LBYR’s graphic novel output has grown exponentially from three titles in 2019, the year that Colvin came on board, to the 20 per year that they expect to publish under the LB Ink imprint. “The time is right to recognize this exceptional and robust program with its own name,” said LBYR president and publisher Megan Tingley in a statement. Colvin agreed, telling PW that she has plenty of books in the pipeline and anticipates a strong fall 2023 season. The mix of titles will be about 60 to 75% middle grade, she said, because that is the biggest and most mature market, with the rest falling in the early-readers and YA categories.
As she was building the line, Colvin was also shaping it. “I think that all of the really successful imprints have their own personality,” she said. “First Second is not the same as Graphix. They have a different feel and tone.” For LB Ink, she is focusing on stories that are “authentic and relatable,” with an emphasis on contemporary themes and voices, rather than fantasy or science fiction. Some are stories about middle-class children dealing with family and relationship problems, such as Tori Sharp’s Let’s Pretend, one of her most popular acquisitions so far. Others are about extraordinary experiences, such as Numb to This, Kindra Neely’s memoir of surviving a mass shooting and its aftermath, and Muhammad Najem, War Reporter, the true story of a teenager who used his phone and social media to report on the war in Syria.
When she was at Lion Forge (now Oni Press), Colvin was the editor of Gender Queer, which is currently the most challenged graphic novel in the country. Despite the recent wave of challenges to books that center LGBTQ+ characters and people of color, Colvin will continue to include them in LB Ink. “I love queer stories,” she said. “I grew up reading not-queer stories, and it’s exciting to have them. And there are so many different types of queer stories. I’m doing stories with queer and nonbinary characters where that is not the focus of the story at all, but I’m also doing middle grade stories about coming out and discovering your gender identity.”

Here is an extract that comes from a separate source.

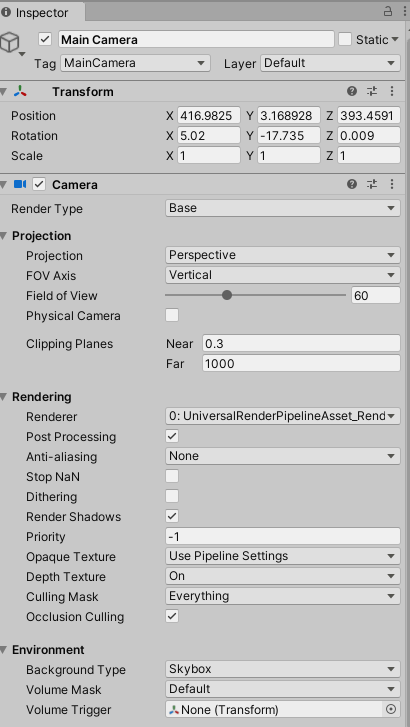 camera的属性面板会改变,成这样,把Post Processing勾上
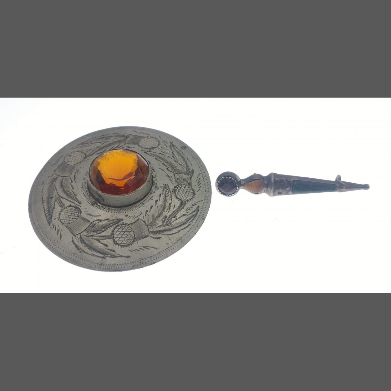 A SCOTTISH LOT ! A nice plaid brooch with a 'dazzling' amber style stone centred on unmarked white metal - dimension 6cm diameter approx with a small VINTAGE Silver Sterling stamped Dirk imbedded with small agate stones with a purple amethyst stone atop - dimension 5cm in length weight 4.12g gross

Colvin doesn’t plan to take LB Ink in a new direction just because it’s an imprint. “This is just putting a name to what we have been building from the beginning,” she said. And what she has been building is a line of graphic novels that engages readers in a direct way with a variety of compelling stories. “I’m looking for authentic voices that readers can really connect to,” she said. “It needs to be relatable to kids who are reading today; they need to be able to see themselves in it and it needs to be the kind of thing that they want to keep coming back to.”